Assignment
Transcribe all data verbatim. Skip the pictures.

Supplied information
------------------------------------------------------------

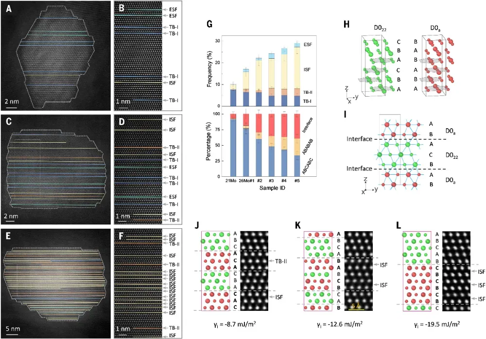 他,16岁上大学,30岁成为博士生导师,32岁任国家重点实验室主任,36岁出任中科院金属所所长;38岁当选中国科学院院士,40岁当选德国科学院院士,41岁成为《Science》首位中国评审编辑;,53岁当选美国科学院外籍院士。从本科到博士,他一直在国内接受教育,是地地道道的“中国制造”科学家。2020年,他因在纳米金属强化领域的开创性贡献荣获“未来科学大奖·物质科学奖”。他就是中国科学院院士、原辽宁省副省长、沈阳材料科学国家研究中心主任卢柯。卢柯院士长期深耕金属材料科学,率先揭示了纳米金属的变形与稳定性机制:2000年,他发现纳米铜在室温下具超塑延展性,登上《Science》;2003–2004年,再次在《Science》报道铁表面纳米化与“纳米孪晶”发现;2011年提出“梯度纳米结构”概念,实现强度与塑性的兼得;2017–2020年连续揭示纳米晶强化、热稳定性及界面结构新机制;迄今为止,他已发表14篇《Science》、1篇《Nature》,是全球金属材料领域当之无愧的领军人物。打破金属强化极限!发现“负能界面”让镍合金强度逼近理论极限!在金属材料领域,一个长期存在的难题是当晶粒细化到极限时,材料会“反而变软”。这是因为在纳米尺度下,晶界或孪晶界变得极不稳定,会滑动、旋转甚至消失,使金属失去应有的强化效果。如何在极端尺寸下仍保持结构稳定,从而进一步突破强度上限?这是材料科学家几十年来梦寐以求的目标。在此中国科学院金属研究所卢柯院士、李秀艳研究员合作在镍-钼合金中发现并构建了一类“负多余能界面”(negative excess-energy interface, NEI)。这些界面不仅不会削弱材料,反而能让晶格更稳、更强,其密度可高达每纳米一个,让金属强度逼近理论值,弹性模量达到254.5 GPa,远超所有已知镍基合金和金属玻璃。这一发现刷新了人们对金属界面能量和稳定性的传统认知,为设计超高强度金属开辟了全新方向。相关成果以“Strengthening Ni alloys with nanoscale interfaces of negative excess energy”为题发表在《Science》上,Jiongxian Li为第一作者。过去的强化手段主要依赖“细化晶粒”——晶界越多,滑移受阻越强,强度越高。但当晶粒小于约10 nm时,情况急转直下:晶界活动(迁移、旋转)主导塑性变形,导致“反Hall–Petch效应”,金属开始变软。后来人们引入低能孪晶界(TB)来延缓滑移,虽然能提高强度,但在高密度下孪晶同样会因位错作用而失稳。那么,是否存在比孪晶更稳定的界面?研究团队从理论和实验双向出发,提出一个全新概念:在特定合金体系中,若界面的形成能为负值(即“负多余能”),则这种界面将自发稳定存在,并成为天然的强化源。他们选择了钼含量高达26 at%的Ni(Mo)过饱和固溶体——钼能显著降低镍的层错能(从230 mJ/m²降至约16 mJ/m²),使得材料更容易形成致密的层错与孪晶层(图1a)。通过脉冲电沉积法制备的镍-钼合金薄片在热处理后形成了由纳米晶与层错交织构成的“密排结构迷宫”(图1b)。在透射电镜下,可以看到晶粒内部遍布高密度的层错(SF)和双晶界(TB),它们以仅0.7 nm的间距交替排列(图1c、1e),构成极为独特的纳米层状界面体系。原子级界面新相:稳定的“ABC–ABAB”混排结构常规面心立方(FCC)金属的原子层遵循ABCABC堆垛,而在镍-钼合金中,研究者发现出现了大量混合了ABAB堆垛的六方密排(HCP)层,形成了局部“FCC–HCP”共存结构(图2b)。这种结构本应不稳定,但在实验中却极为持久。统计表明,随着退火温度升高,ABAB层比例从4%增至27%,其界面占比高达39%,几乎每10个原子层就有4个是界面层(图2g)。为何这些界面如此稳定?团队利用第一性原理密度泛函理论(DFT)计算揭示了答案(图2h–l):当FCC相(D022结构)与HCP相(D0a结构)以特定取向(Shoji–Nishiyama关系)共存时,两者之间的界面能竟然为负值(–8.7至–19.5 mJ/m²)。换言之,界面的存在反而降低了体系总能量!这意味着这种“负能界面”不再是缺陷,而是促进晶体稳定的“有益结合面”。因此,在镍-钼体系中,界面越多,材料越稳、越强,这与传统金属观念完全相反。这些超高密度负能界面对材料力学性能的影响是惊人的。团队通过显微柱压缩实验发现,样品在弹性阶段应力随应变线性上升,直到约2%应变处骤然断裂,峰值应力高达5.08 GPa(图3a)。这一数值几乎接近镍的理论强度极限。更令人瞩目的是,在多次加载-卸载循环中,应力–应变曲线几乎完全重合(图3b),说明整个变形过程是可逆且无塑性流动的——材料像弹簧一样可反复承受巨大应力而不永久变形。扫描电镜显示断裂表面呈现40°倾角剪切面,典型的脆性断裂特征(图3c)。硬度测试进一步证实其强化趋势:随着界面密度增大,硬度从12.2 GPa升至13.5 GPa,远超Ni₃Mo化合物(8.4 GPa)和玻璃态样品(7.0 GPa)。绘制强度与界面间距的关系图后可见,该Ni(Mo)合金的数据点完全跳出了传统纳米晶与纳米孪晶镍的性能上限区域(图3d),形成一个全新的强化“分支”。在纳米压痕测试中,纯镍的杨氏模量约为190 GPa,而Ni(Mo)玻璃为122 GPa。随着负能界面密度增加,Ni(Mo)固溶体的模量线性提升:从207.8 GPa一路上升至254.5 GPa(图4b),不仅高于所有镍基化合物,也超过部分陶瓷和氧化物材料。值得注意的是,这种模量增强与Mo含量和制备方式无关,说明“NEI效应”是普适的物理机制。理论分析表明,层错和界面附近的原子会因非对称力场发生微畸变(约2%),并在电子结构上形成高密度局域态,显著增强键合刚度。这
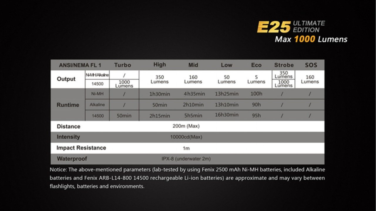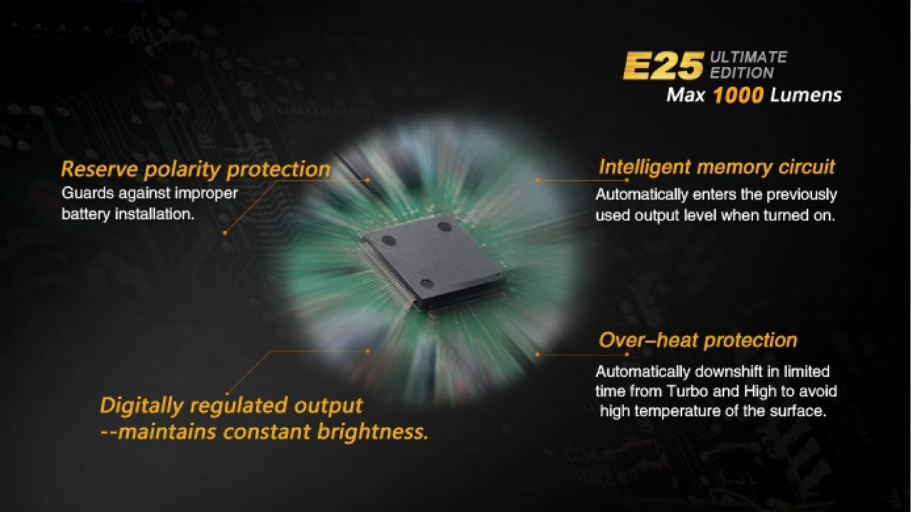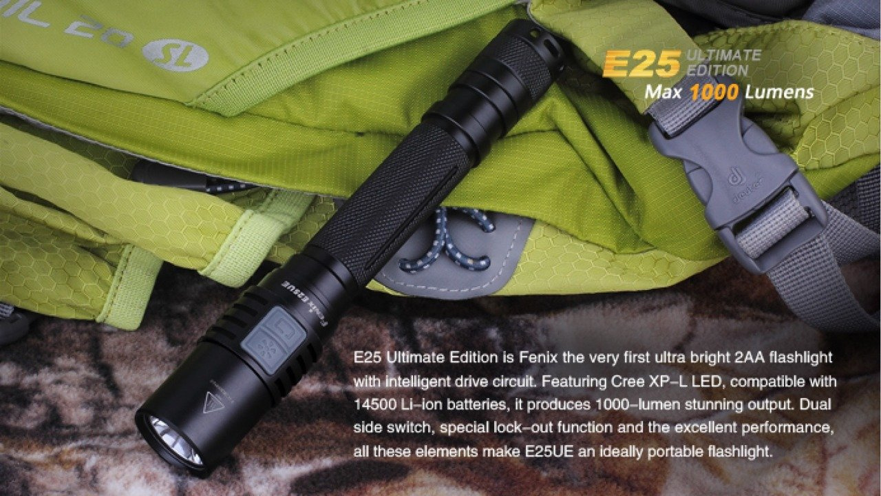 • E25 Ultimate Edition is Fenix the very first ultra bright 2AA flashlight with intelligent drive circuit.
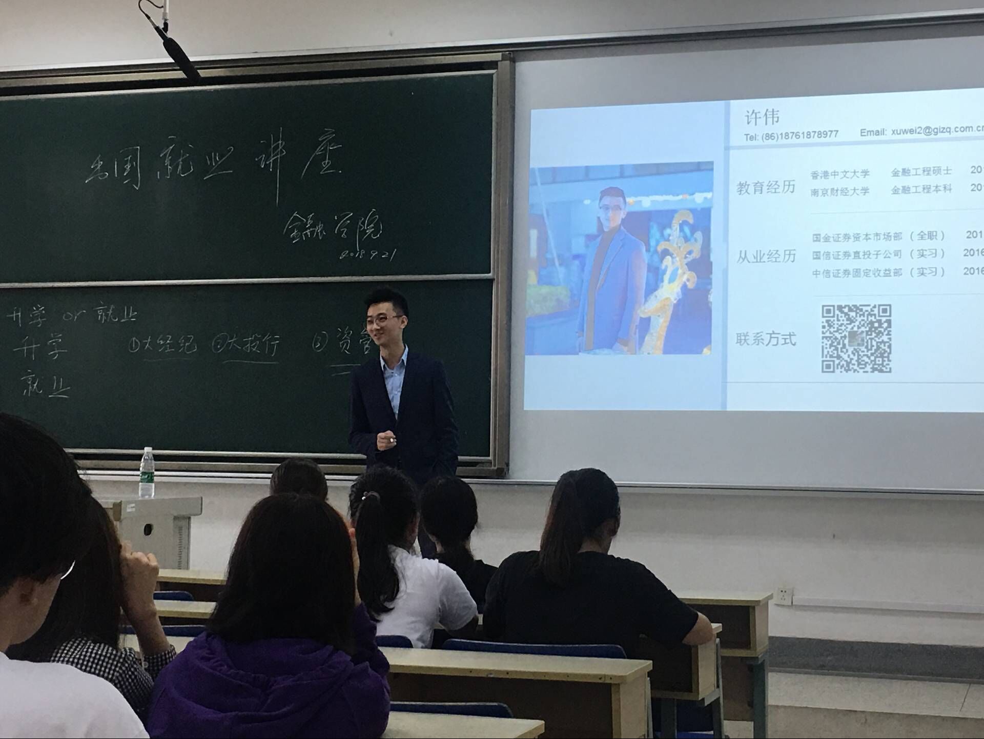 讲座一开始,许伟校友进行了自我介绍,回忆了其在南京财经大学至尊全讯555050读本科、香港中文大学读硕士的历程以及在中信证券、国信证券、国金证券的实习及工作经历。接着,许伟校友从“升学or就业”、“升学选择”、“就业经验”三个方面进行了深入浅出的阐述。

------------------------------------------------------------

Answer for the task
 他,16岁上大学,30岁成为博士生导师,32岁任国家重点实验室主任,36岁出任中科院金属所所长;38岁当选中国科学院院士,40岁当选德国科学院院士,41岁成为《Science》首位中国评审编辑;,53岁当选美国科学院外籍院士。从本科到博士,他一直在国内接受教育,是地地道道的“中国制造”科学家。2020年,他因在纳米金属强化领域的开创性贡献荣获“未来科学大奖·物质科学奖”。他就是中国科学院院士、原辽宁省副省长、沈阳材料科学国家研究中心主任卢柯。卢柯院士长期深耕金属材料科学,率先揭示了纳米金属的变形与稳定性机制:2000年,他发现纳米铜在室温下具超塑延展性,登上《Science》;2003–2004年,再次在《Science》报道铁表面纳米化与“纳米孪晶”发现;2011年提出“梯度纳米结构”概念,实现强度与塑性的兼得;2017–2020年连续揭示纳米晶强化、热稳定性及界面结构新机制;迄今为止,他已发表14篇《Science》、1篇《Nature》,是全球金属材料领域当之无愧的领军人物。打破金属强化极限!发现“负能界面”让镍合金强度逼近理论极限!在金属材料领域,一个长期存在的难题是当晶粒细化到极限时,材料会“反而变软”。这是因为在纳米尺度下,晶界或孪晶界变得极不稳定,会滑动、旋转甚至消失,使金属失去应有的强化效果。如何在极端尺寸下仍保持结构稳定,从而进一步突破强度上限?这是材料科学家几十年来梦寐以求的目标。在此中国科学院金属研究所卢柯院士、李秀艳研究员合作在镍-钼合金中发现并构建了一类“负多余能界面”(negative excess-energy interface, NEI)。这些界面不仅不会削弱材料,反而能让晶格更稳、更强,其密度可高达每纳米一个,让金属强度逼近理论值,弹性模量达到254.5 GPa,远超所有已知镍基合金和金属玻璃。这一发现刷新了人们对金属界面能量和稳定性的传统认知,为设计超高强度金属开辟了全新方向。相关成果以“Strengthening Ni alloys with nanoscale interfaces of negative excess energy”为题发表在《Science》上,Jiongxian Li为第一作者。过去的强化手段主要依赖“细化晶粒”——晶界越多,滑移受阻越强,强度越高。但当晶粒小于约10 nm时,情况急转直下:晶界活动(迁移、旋转)主导塑性变形,导致“反Hall–Petch效应”,金属开始变软。后来人们引入低能孪晶界(TB)来延缓滑移,虽然能提高强度,但在高密度下孪晶同样会因位错作用而失稳。那么,是否存在比孪晶更稳定的界面?研究团队从理论和实验双向出发,提出一个全新概念:在特定合金体系中,若界面的形成能为负值(即“负多余能”),则这种界面将自发稳定存在,并成为天然的强化源。他们选择了钼含量高达26 at%的Ni(Mo)过饱和固溶体——钼能显著降低镍的层错能(从230 mJ/m²降至约16 mJ/m²),使得材料更容易形成致密的层错与孪晶层(图1a)。通过脉冲电沉积法制备的镍-钼合金薄片在热处理后形成了由纳米晶与层错交织构成的“密排结构迷宫”(图1b)。在透射电镜下,可以看到晶粒内部遍布高密度的层错(SF)和双晶界(TB),它们以仅0.7 nm的间距交替排列(图1c、1e),构成极为独特的纳米层状界面体系。原子级界面新相:稳定的“ABC–ABAB”混排结构常规面心立方(FCC)金属的原子层遵循ABCABC堆垛,而在镍-钼合金中,研究者发现出现了大量混合了ABAB堆垛的六方密排(HCP)层,形成了局部“FCC–HCP”共存结构(图2b)。这种结构本应不稳定,但在实验中却极为持久。统计表明,随着退火温度升高,ABAB层比例从4%增至27%,其界面占比高达39%,几乎每10个原子层就有4个是界面层(图2g)。为何这些界面如此稳定?团队利用第一性原理密度泛函理论(DFT)计算揭示了答案(图2h–l):当FCC相(D022结构)与HCP相(D0a结构)以特定取向(Shoji–Nishiyama关系)共存时,两者之间的界面能竟然为负值(–8.7至–19.5 mJ/m²)。换言之,界面的存在反而降低了体系总能量!这意味着这种“负能界面”不再是缺陷,而是促进晶体稳定的“有益结合面”。因此,在镍-钼体系中,界面越多,材料越稳、越强,这与传统金属观念完全相反。这些超高密度负能界面对材料力学性能的影响是惊人的。团队通过显微柱压缩实验发现,样品在弹性阶段应力随应变线性上升,直到约2%应变处骤然断裂,峰值应力高达5.08 GPa(图3a)。这一数值几乎接近镍的理论强度极限。更令人瞩目的是,在多次加载-卸载循环中,应力–应变曲线几乎完全重合(图3b),说明整个变形过程是可逆且无塑性流动的——材料像弹簧一样可反复承受巨大应力而不永久变形。扫描电镜显示断裂表面呈现40°倾角剪切面,典型的脆性断裂特征(图3c)。硬度测试进一步证实其强化趋势:随着界面密度增大,硬度从12.2 GPa升至13.5 GPa,远超Ni₃Mo化合物(8.4 GPa)和玻璃态样品(7.0 GPa)。绘制强度与界面间距的关系图后可见,该Ni(Mo)合金的数据点完全跳出了传统纳米晶与纳米孪晶镍的性能上限区域(图3d),形成一个全新的强化“分支”。在纳米压痕测试中,纯镍的杨氏模量约为190 GPa,而Ni(Mo)玻璃为122 GPa。随着负能界面密度增加,Ni(Mo)固溶体的模量线性提升:从207.8 GPa一路上升至254.5 GPa(图4b),不仅高于所有镍基化合物,也超过部分陶瓷和氧化物材料。值得注意的是,这种模量增强与Mo含量和制备方式无关,说明“NEI效应”是普适的物理机制。理论分析表明,层错和界面附近的原子会因非对称力场发生微畸变(约2%),并在电子结构上形成高密度局域态,显著增强键合刚度。这
 • E25 Ultimate Edition is Fenix the very first ultra bright 2AA flashlight with intelligent drive circuit.
 讲座一开始,许伟校友进行了自我介绍,回忆了其在南京财经大学至尊全讯555050读本科、香港中文大学读硕士的历程以及在中信证券、国信证券、国金证券的实习及工作经历。接着,许伟校友从“升学or就业”、“升学选择”、“就业经验”三个方面进行了深入浅出的阐述。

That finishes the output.